Whether our society will ever admit it or not, Australian society is so imbibed with racist preconceptions, regardless of whether it’s direct or indirect.


To be Australian means to apparently be upfront and bold and brusque.  For me, that means hesitating when wanting to retaliate in the face of racism or to correct someone’s preconception about Indian culture, my lifestyle or my parents. For fear of upsetting or angering the individual. Because the liberty of free speech and defence of the individual is taken differently. If I retaliate against a racist or culturally derogative remark, I’m told to “suck it up because it’s a joke”. The liberty of freedom of speech has been taken to a whole new level here in Australian.


To be Australian apparently means to be armed with inbuilt assumptions. I can’t stress the number of times teachers, other individuals and strangers have commented on my choice to not pursue the sciences, or my upfront nature. It’s still a thing where people on trains will move their bags closer to themselves if I sit next to them, because my skin tone obviously suggests evil.

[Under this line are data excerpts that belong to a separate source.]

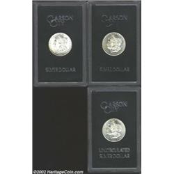 1883-CC S$1 MS64 Prooflike Uncertified, glowing fields form a splendid backdrop to the well struck and well frosted devices, there is some pale, mottled, golden color on the obverse; 1884-CC MS64 Uncertified, both sides are untoned, or essentially so, with a razor sharp strike; and another 1884-CC MS64 Uncertified, the otherwise frosty-white features reveal a blush of golden-orange iridescence at the lower left obverse border. All three coins include the original box of issue, and the certificate of the first coin is numbered 83696719. 3 coins Important notice: We expect to be auctioning lots at the rate of 200-250 per hour. Sometimes eBay Premier live bid software cannot keep up with that pace, so we strongly recommend that you place a realistic proxy bid now as insurance to avoid disappointment. Also please note that all Heritage/CAA lots purchased through eBay Premier carry a 20% Buyer's Premium. Please make sure you read the Terms and Conditions.
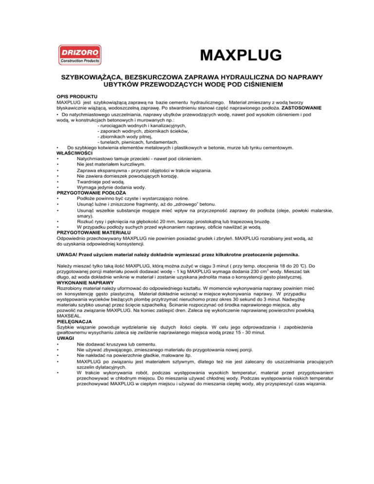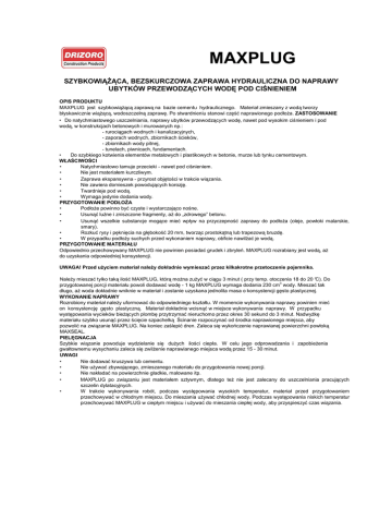 MAXPLUG SZYBKOWIĄśĄCA, BEZSKURCZOWA ZAPRAWA HYDRAULICZNA DO NAPRAWY UBYTKÓW PRZEWODZĄCYCH WODĘ POD CIŚNIENIEM OPIS PRODUKTU MAXPLUG jest szybkowiąŜącą zaprawą na bazie cementu hydraulicznego. Materiał zmieszany z wodą tworzy błyskawicznie wiąŜącą, wodoszczelną zaprawę. Po stwardnieniu stanowi część naprawionego podłoŜa. ZASTOSOWANIE • Do natychmiastowego uszczelniania, naprawy ubytków przewodzących wodę, nawet pod wysokim ciśnieniem i pod wodą, w konstrukcjach betonowych i murowanych np.: - rurociągach wodnych i kanalizacyjnych, - zaporach wodnych, zbiornikach ścieków, - zbiornikach wody pitnej, - tunelach, piwnicach, fundamentach. • Do szybkiego kotwienia elementów metalowych i plastikowych w betonie, murze lub tynku cementowym. WŁAŚCIWOŚCI • Natychmiastowo tamuje przecieki - nawet pod ciśnieniem. • Nie jest materiałem kurczliwym. • Zaprawa ekspansywna - przyrost objętości w trakcie wiązania. • Nie zawiera domieszek powodujących korozję. • Twardnieje pod wodą. • Wymaga jedynie dodania wody. PRZYGOTOWANIE PODŁOśA • PodłoŜe powinno być czyste i wystarczająco nośne. • Usunąć luźne i zniszczone fragmenty, aŜ do „zdrowego” betonu. • Usunąć wszelkie substancje mogące mieć wpływ na przyczepność zaprawy do podłoŜa (oleje, powłoki malarskie, smary). • Rozkuć rysy i pęknięcia na głębokość 20 mm, tworząc prostokątną lub trapezową bruzdę. • W przypadku podłoŜy suchych przed wykonaniem naprawy, obficie nawilŜać je wodą. PRZYGOTOWANIE MATERIAŁU Odpowiednio przechowywany MAXPLUG nie powinien posiadać grudek i zbryleń. MAXPLUG rozrabiany jest wodą, aŜ do uzyskania odpowiedniej konsystencji. UWAGA! Przed uŜyciem materiał naleŜy dokładnie wymieszać przez kilkakrotne przetoczenie pojemnika. NaleŜy mieszać tylko taką ilość MAXPLUG, którą moŜna zuŜyć w ciągu 3 minut ( przy temp. otoczenia 18 do 20 °C). Do przygotowanej porcji materiału powoli dodawać wodę - 1 kg MAXPLUG wymaga dodania 230 cm3 wody. Mieszać tak długo, aŜ woda dokładnie wniknie w materiał i zostanie uzyskana jednolita masa o konsystencji gęsto plastycznej. WYKONANIE NAPRAWY Rozrobiony materiał naleŜy uformować do odpowiedniego kształtu. W momencie wykonywania naprawy powinien mieć on konsystencję gęsto plastyczną. Materiał dokładnie wcisnąć w miejsce wykonywania naprawy. W przypadku występowania wycieków bieŜących plombę przytrzymać nieruchomo przez okres 30 sekund do 3 minut. NadwyŜkę materiału szybko usunąć przez ścięcie szpachelką Ścinanie rozpoczynać od środka naprawionego miejsca, aby pozwolić na związanie MAXPLUG. Na koniec zaślepić dren. Zaleca się wykończenie naprawianej powierzchni powłoką MAXSEAL. PIELĘGNACJA Szybkie wiązanie powoduje wydzielanie się duŜych ilości ciepła. W celu jego odprowadzania i zapobieŜenia gwałtownemu wysychaniu zaleca się zwilŜenie naprawianego miejsca wodą przez 15 - 30 minut. UWAGI • Nie dodawać kruszywa lub cementu. • Nie uŜywać zbywającego, zmieszanego materiału do przygotowania nowej porcji. • Nie nakładać na powierzchnie gładkie, malowane itp. • MAXPLUG po związaniu jest materiałem sztywnym, dlatego teŜ nie jest zalecany do uszczelniania pracujących szczelin dylatacyjnych. • W trakcie wykonywania robót, podczas występowania wysokich temperatur, materiał przed przygotowaniem przechowywać w chłodnym miejscu. Do mieszania uŜywać chłodnej wody. Podczas występowania niskich temperatur przechowywać MAXPLUG w ciepłym miejscu i uŜywać do mieszania ciepłej wody, aby przyspieszyć czas wiązania. DANE TECHNICZNE • Przydatność zaprawy do uŜycia • Wytrzymałość na zginanie po 28 dniach • Wydajność • Przyczepność do podłoŜa • Wytrzymałość na ściskanie po 28 dniach Dane dotyczą warunków normatywnych OPAKOWANIE MAGAZYNOWANIE : 3,5 do 4 min : 5,6 MPa 3 : 1 kg MAXPLUG wypełnia w przybliŜeniu 615 do 620 cm : 0,69 MPa : 40,7 MPa temp 20°C wilgotność względna 65% Wiadra 1 kg, 5 kg i 25 kg Przechowywać w suchych pomieszczeniach. Przydatny do uŜycia przez 1 rok. OPINIE I APROBATY • Ocena Higieniczna PZH – W/155/92 • Aprobata Techniczna ITB Nr AT – 15-2186/96 + Aneks Nr 3 BHP Jak wszystkie produkty cementowe, MAXPLUG ma właściwości ścierne i w trakcie prac naleŜy uŜywać gumowych rękawic ochronnych. Jeśli materiał dostanie się do oczu naleŜy je starannie przepłukać czysta wodą, lecz nie trzeć. Jeśli podraŜnienie utrzymuje się, naleŜy zwrócić się do lekarza. GWARANCJA Wszystkie produkty firmy DRIZORO wytwarzane są z najlepszych, dostępnych surowców, co zapewnia ich wysoką jakość. Nasza gwarancja dotyczy jakości produktu, a nie jego zastosowania poza naszą kontrolą. Za wszelkie uŜycie produktów do celów nie określonych w tym biuletynie, firma nie ponosi odpowiedzialności. Wartość gwarancji nie moŜe przewyŜszać wartości nabytego produktu. UWAGA Wraz z ukazaniem się tej instrukcji technicznej wszelkie wcześniejsze publikacje techniczne dotyczące produktu tracą swą waŜność.
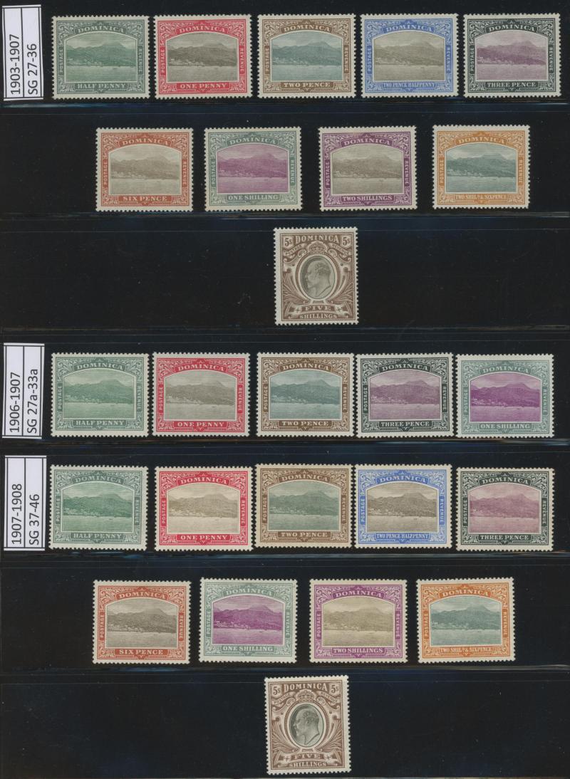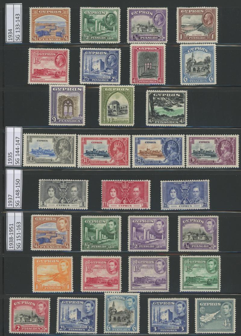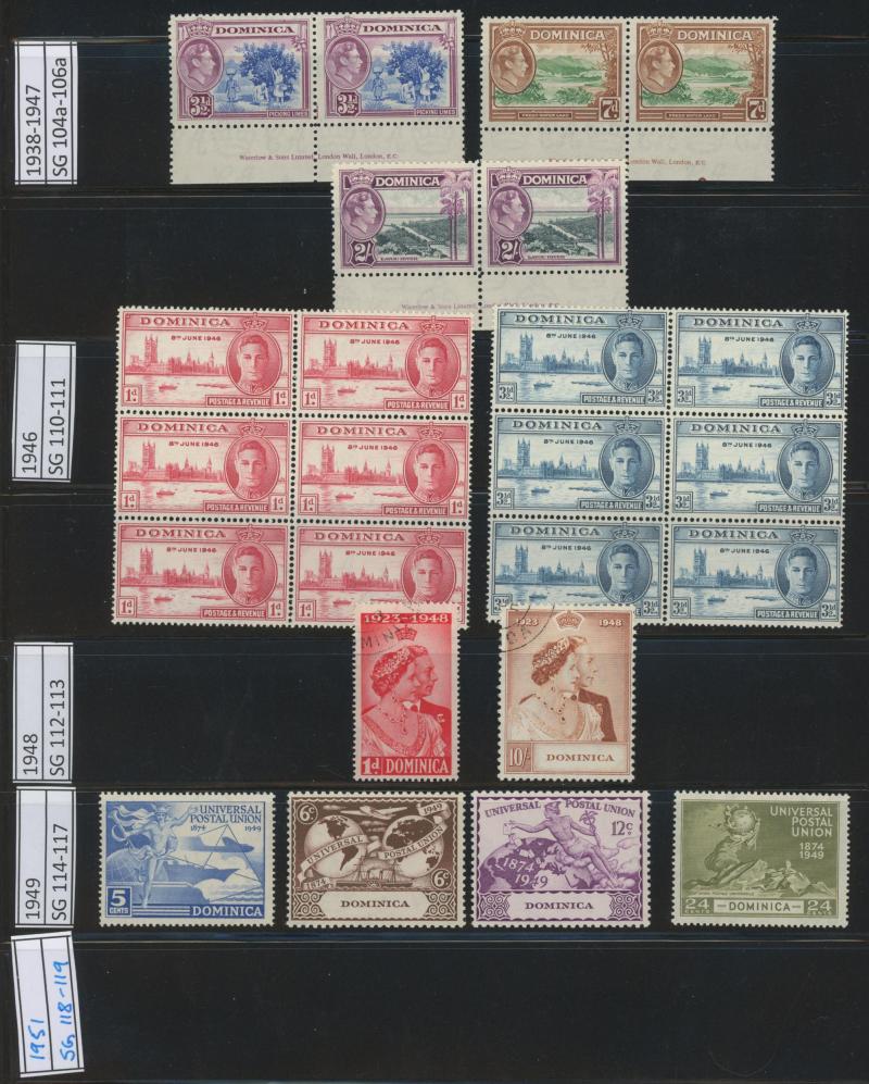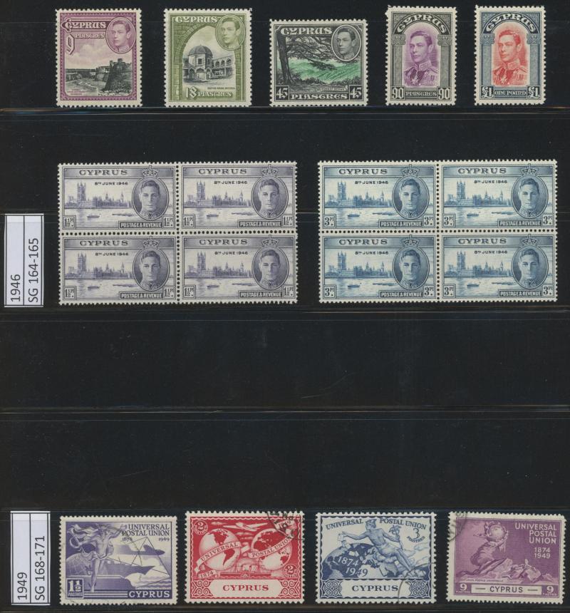 to 18pi, 1904-10 short set to 18 pi *O, 1912-15 KGV Keyplates set plus specimen short set to 4pi, 1921-28 Keyplates sets with 45 pis used, 1928-34 Pictorial sets, Jubilee set and KGVI coronation set, 1938-51 KGVI Pictorials set and 1949 UPU set,
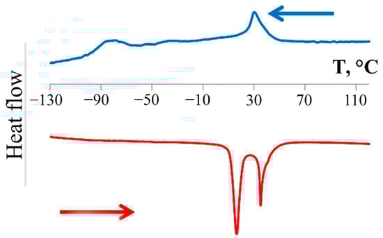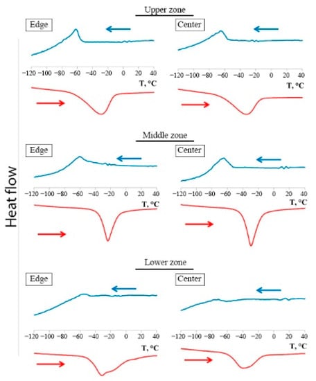 The original calorimetric curves (DSC) of the samples cut from different zones of the specimen are shown in Figure 7, grouped by zones: on the left are DSC curves related to the edge of the specimen, from the right to the central axis of the specimen.
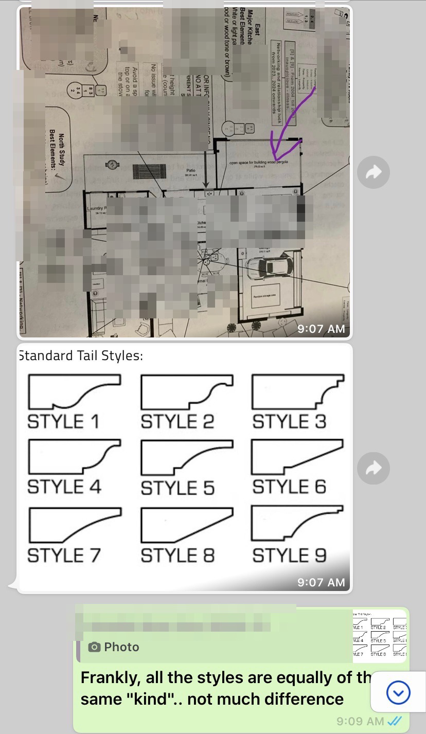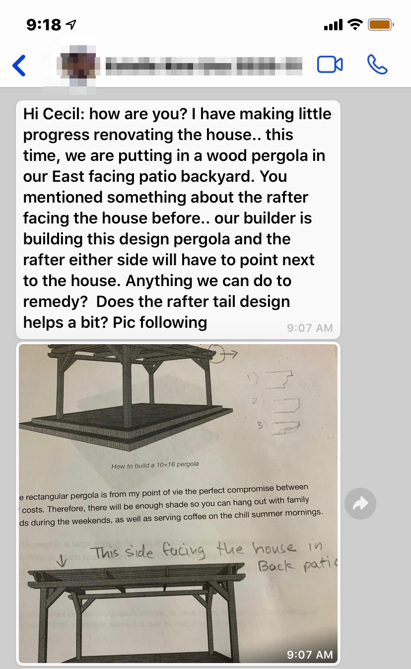 Posted July 22, 20205 yr Staff Hi Cecil: how are you? I have making little progress renovating the house.. this time, we are putting in a wood pergola in our East facing patio backyard. You mentioned something about the rafter facing the house before.. our builder is building this design pergola and the rafter either side will have to point next to the house. Anything we can do to remedy? Does the rafter tail design helps a bit? Pic following
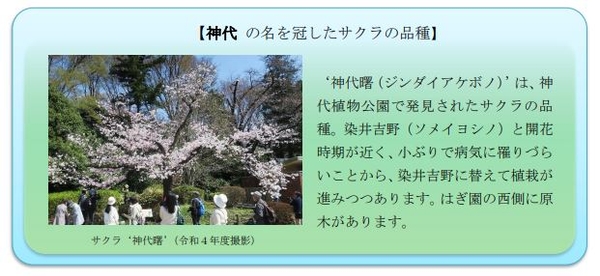 当園では、“さくら園”をはじめ園内各所で、早咲きの大寒桜(おおかんざくら)から遅咲きのサトザクラ類まで、約60種類、750本のサクラをご覧いただけます。園内を彩るサクラの見ごろに合わせて「さくらまつり」を開催します。サクラの最盛期をお楽しみいただくため、通常月曜日は休園日のところ、3月25日(月)は臨時開園いたします。
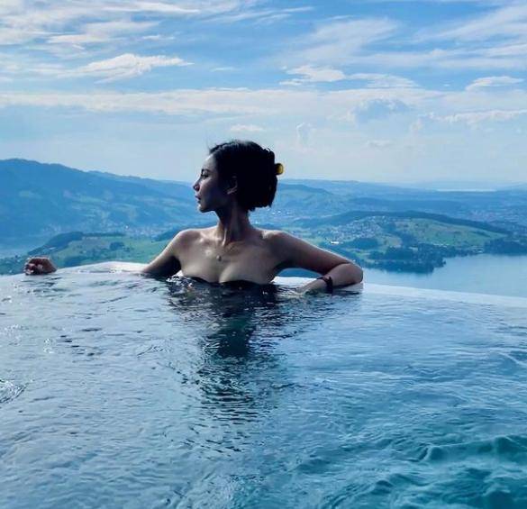 21日,小梅晒出在海景豪宅套房之中的泳池照,她靠在游泳池边上,汪小菲拿着手机记录下娇妻的幸福时刻。
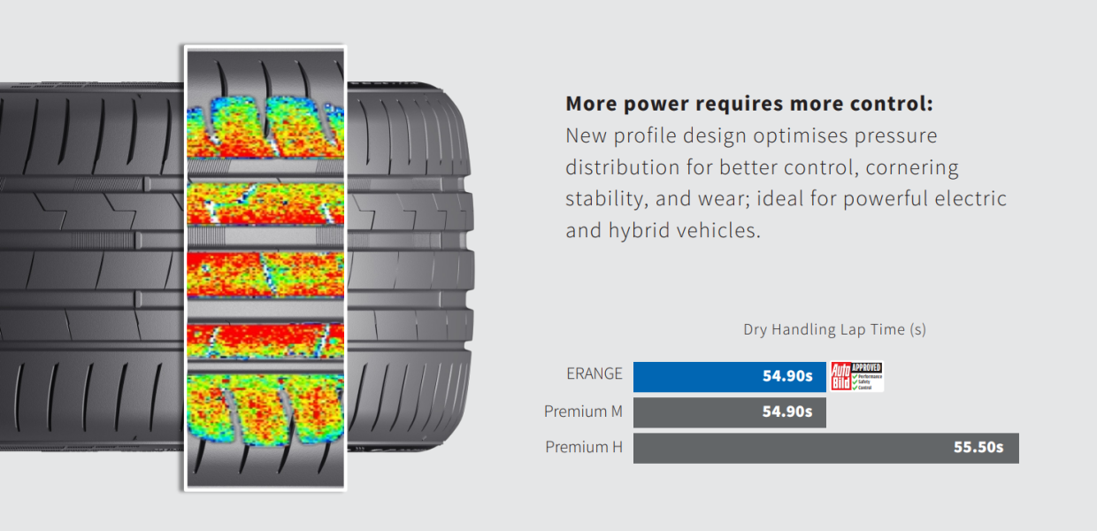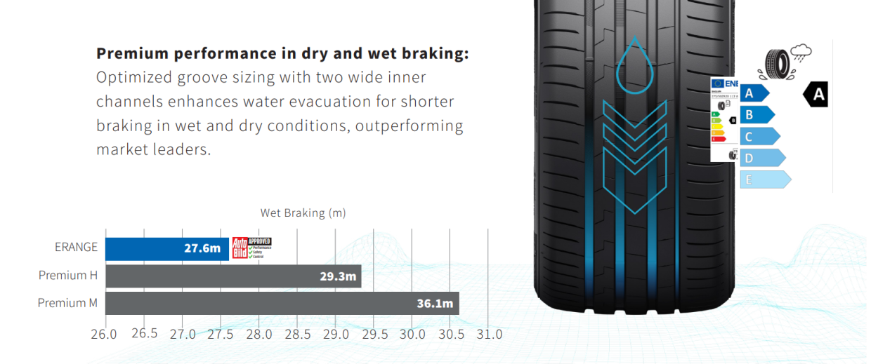 ATREZZO ERANGE คือยางสมรรถนะสูงระดับ Ultra High Performance (UHP) ที่พัฒนาขึ้นโดยเฉพาะสำหรับรถยนต์พลังงานไฟฟ้า ด้วยสูตรยาง EcoPoint 3 ซึ่งผสานเทคโนโลยี Silent Tread ให้ความเงียบ และความมั่นใจในการควบคุม พร้อมประสิทธิภาพการเบรกที่ยอดเยี่ยมบนทั้งถนนแห้งและเปียก ผ่านการรับรองมาตรฐานความปลอดภัยจาก AutoBild และทดสอบโดยศูนย์ IDIADA ประเทศสเปน
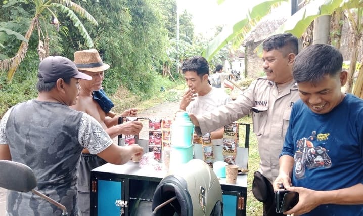 Bhabinkamtibmas Kelurahan Tegalbunder Polsek Purwakarta Polres Cilegon, melaksanakan kegiatan gotong royong bersama masyarakat sekaligus menghadirkan program "Warbinling Warung Kopi Bhabinkamtibmas Keliling"
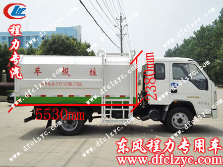 湖北程力福田3000挂桶垃圾车外形小巧,其整车尺寸为:5530×1870×2380mm。
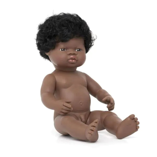 Denne dukke fra Miniland er designet til omsorgsfuld rolleleg, hvor børn kan udforske relationer, empati og hverdagsrutiner. Dukken måler 38 cm. i højden, er en dreng af afrikansk afstamning, har blødt hår og en størrelse, der gør den nem at håndtere for mindre børn. Dukken leveres uden tøj!
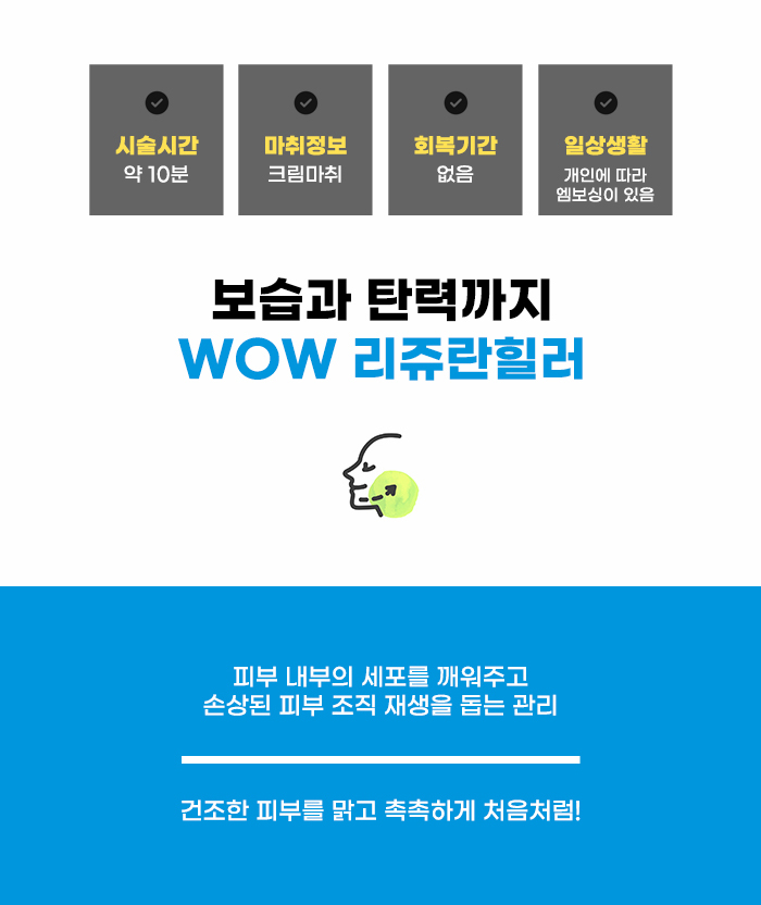 리쥬란 힐러는 관리를 진행할 때 빠르게 진행할 수도 있다는 장점이 있는데요. 따로 회복기간을 오래 가질 필요가 없으면서 관리 시간은 약 10분 정도로 빠르게 할 수도 있다 보니 쉽게 결정할 수도 있습니다. 다만 관리 후 개인 피부에 따라서 다르지만 엠보싱 현상, 부기 등에 대한 걱정이 있을 수도 있으니 이 점에 대해서 충분히 설명을 듣고 나에게 맞는 관리를 결정해야 하겠습니다.
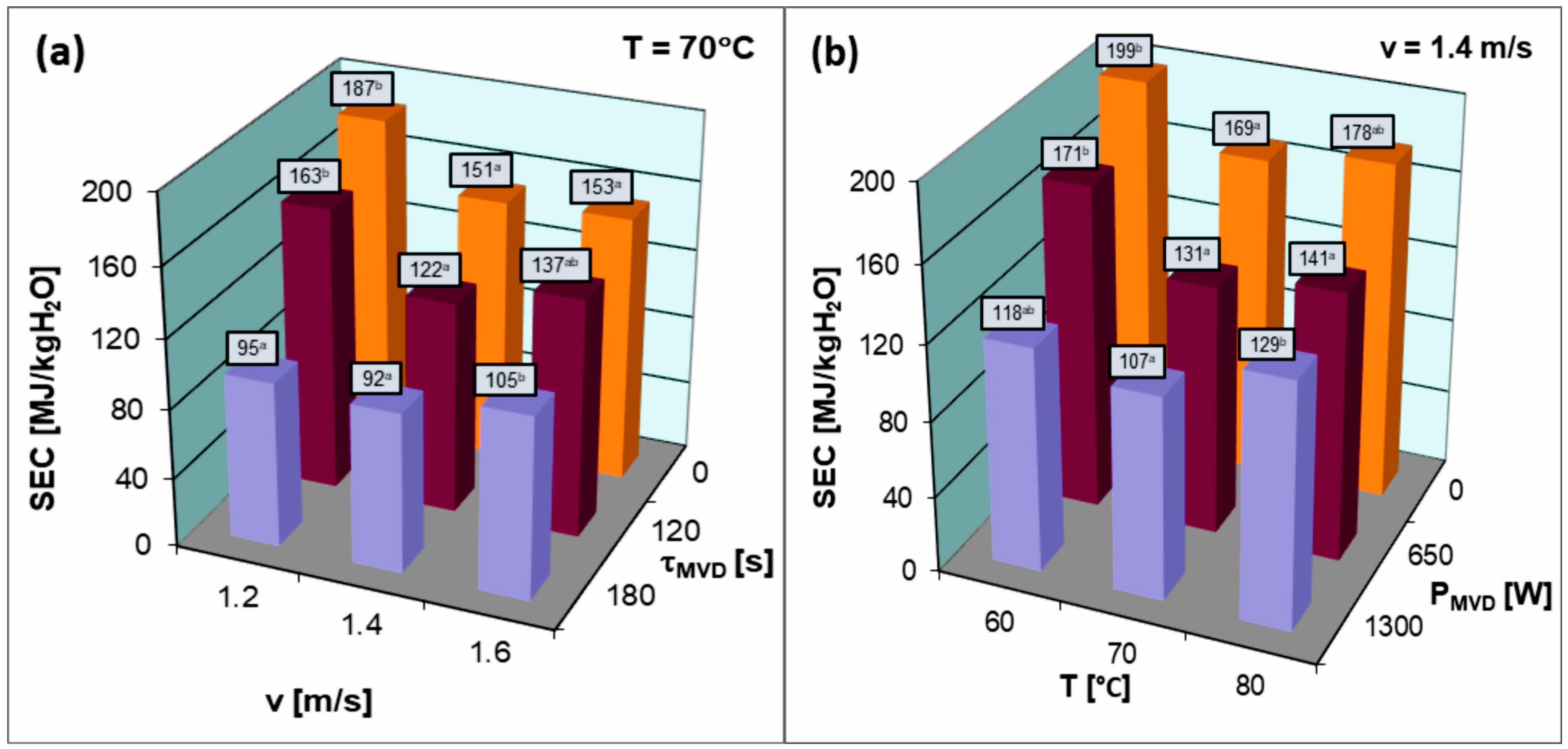 Regarding the different conditions of the second stage of drying (MVD), it is clearly visible that the use of this drying stage reduces the SEC of the entire process regardless of the conditions used. However, both a longer MVD time (

I thought being Australian meant watching this young nation flourish and grow and change with the myriad of races, ethnicities and cultures that are so fortunate to amalgamate on the shores of a beautiful country. I thought being Australian meant to love and accept regardless of race and culture and upbringing. I thought being Australian meant living a great life. I thought being Australian meant spreading positivity and inclusivity for all to enjoy and be a part of. I thought being Australian meant to be proud of the brilliance of having more than one culture, one religion, one language being spread across our shores.


I guess I was wrong.


And maybe, this is the fault of our educators. Because our educators are all so narrow and shallow and hardly ever suggest that Australia is a nation that comes with more than just bright coloured eyes, fair skin and blonde/brunette hair.


So isn’t it time we start seeing Australia for its cultural vivacity? Or is it still to early to understand that a nation can be successfully made up of more than one culture and still succeed.